Before my baby was born I also attended a public consultation by the Primary Care Trust (PCT) on how the transition to a maternity-led unit at North Tyneside had gone.
Despite one in five mothers being transferred to other hospitals during labour since the unit had changed over, there had reportedly been few problems, with those mothers able to have normal deliveries and receiving fantastic levels of care.
Many of the midwives from North Tyneside were at the meeting, showing their obvious support and commitment to the unit.
As a member of the public I was given the opportunity at the consultation to raise questions about the validity of the decision to scrap consultant-led care at North Tyneside with key members of the PCT.
Again and again I was told that these decisions had been made in the interest of 'choice'.
I raised the point that my 'choice' (to have my baby at North Tyneside) had been taken away from me, and was told directly that I felt this way only because I was 'upset' as I was merely 'perceiving that my services were being taken away from me'.
In other words, other people would gain from access to a midwife-led unit, it was just unfortunate that the consideration given to their 'choice' meant that my 'choice' had been taken away.
We are now faced with the very sad news that the Special Care Baby Unit at North Tyneside is closing.
Sadly, this had also been predicted by many as a knock-on effect of the changes to the maternity unit.
Decreased numbers of babies born at the hospital mean that the ward is not financially viable.
Assurances have been made that babies will not suffer as a result (paediatricians on the children's ward will be available to deal with cases when required, with babies stabilised at North Tyneside and then transferred to Wansbeck. It remains to be seen what effect this will have on staffing levels on the children's ward).
However, parents will still have to travel miles to another hospital, and potentially very sick babies will have to make a long journey at a very delicate stage in their young lives.

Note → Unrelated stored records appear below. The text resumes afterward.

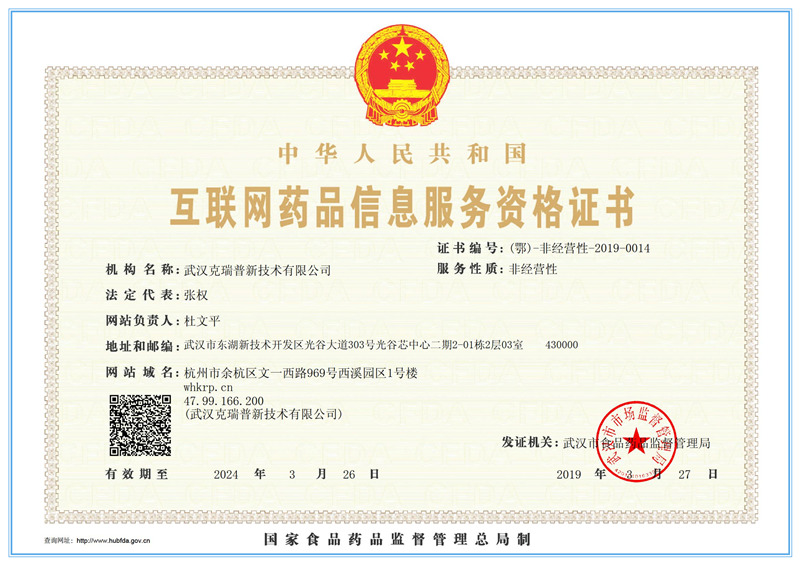 互聯(lián)網(wǎng)藥品信息服務(wù)資格證書 證書編號:(鄂)-非經(jīng)營性-2019-0014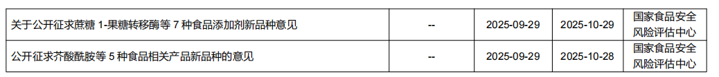 9月29日,风评中心对食品工业用酶制剂新品种蔗糖 1-果糖转移酶、葡糖异构酶,食品用香料新品种2-甲基-1-(2-(5-对甲苯基)-1H-咪唑-2-基)哌啶-1-基)丁-1-酮,食品营养强化剂乳糖-N-四糖新生产菌,扩大使用范围的食品添加剂二氧化碳,增补质量规格要求的食品营养强化剂2’-岩藻糖基乳糖、乳糖-N-新四糖征求意见,截止日期为2025年10月29日。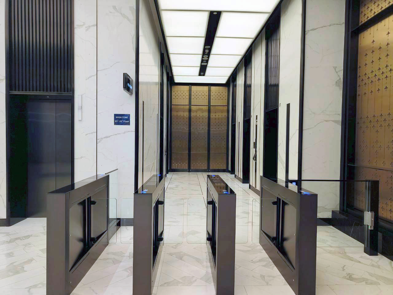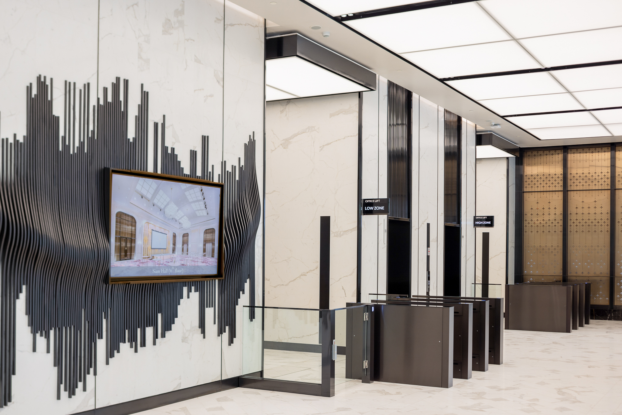 最新技術を用いたセキュリティシステムを採用しています。目的地階予約システム(Destination Control)連動のターンスタイルゲートにより、スムーズかつ厳重な入退館管理を実現。
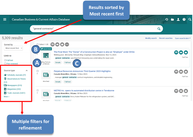 Your search will bring up results appearing from different Source Types (books, trade journals, newspapers, magazines, scholarly journals, etc.)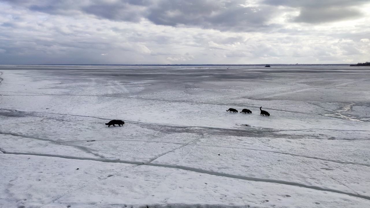 На фотографии изображён замёрзший Финский залив в районе Кронштадта. На льду, покрытом трещинами и снежными участками, движутся три кошки. На горизонте различимы берег и судно. Снимок передаёт контраст между дикой природой и городской средой северного побережья. Подходит для публикаций о животных, климате и сезонных явлениях в Санкт-Петербурге и на Балтике.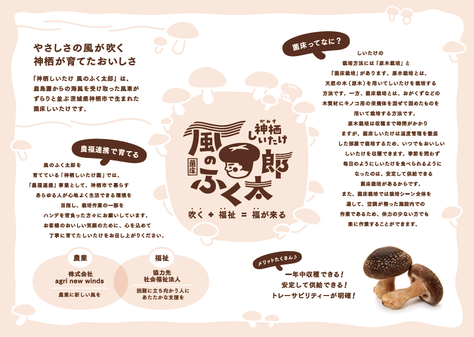 しいたけ可愛い! ”風のふく太郎”とても美味しい! を心に抱いて進めてまいります。

The crucial point to be made here is that in no way can this be dressed up and called 'choice'.
The PCT cannot deny again that this decision has been taken for financial reasons (again, we were told that financial considerations were not a factor in the decision about the maternity unit).
Nobody using this part of the NHS will benefit from this closure. Yes, perhaps a midwife-led environment has some proven benefits for some mothers and some babies.
On the other hand the closure of the Special Care Baby Unit does not and will not have any benefits for any mothers or any babies.
A document drawn up in December 2005 by North Tyneside Council's health scrutiny committee gave a response to the changes proposed by 'A new model of maternity care in Newcastle, North Tyneside and Northumberland', the document which first proposed that the unit at North Tyneside should become midwife-led.
In this response the council proposed that the unit should not become midwife-led for many reasons (a Google search for the title of this response document will give a direct link to the page on the North Tyneside Council website. The document clearly sets out the main concerns over the changes which have now been made anyway).
The document predicted that it would lead to women in North Tyneside being offered reduced choices (yes, the changes have been made, and the choices reduced).
It then stated that there would be concerns over the long term future of North Tyneside General Hospital, namely the further loss of local services (the changes have been made, and another ward in the hospital is set for closure).
So will we go on to lose yet more local services at North Tyneside Hospital? Is the maternity unit really exempt from financial consideration?
On the day I went into labour I had also been at the maternity unit in North Tyneside for a check-up.
On that particular day there were no mothers in labour, with the mothers and babies on the postnatal ward all due to be discharged that day, leaving an empty unit. Is this financially viable?
Obviously this does not represent how the unit is on a daily basis: numbers of deliveries on the unit have so far been within targets.
The tireless work of the staff ensures an excellent service. They have dealt with any teething problems both professionally and efficiently. They are working incredibly hard to prove that this unit can survive.
It is hard, though, to escape the feeling that this is regardless of whether they have the full support of the PCT.
Surely if the PCT want the unit to thrive it would work hard to keep the Special Care Baby Unit open?
New mothers may feel even less confident to book their delivery at North Tyneside with this provision cut as well.
So if delivery rates fall further when special care goes because of a lack of confidence in the services the hospital can offer, will the PCT protect the maternity unit regardless?
Birth rates may well be rising, but will the PCT's budgets for maternity provision really rise with them?
JENNY WILLIAMS
Mitchell Avenue,
Whitley Bay.
The full article contains 1037 words and appears in n/a newspaper.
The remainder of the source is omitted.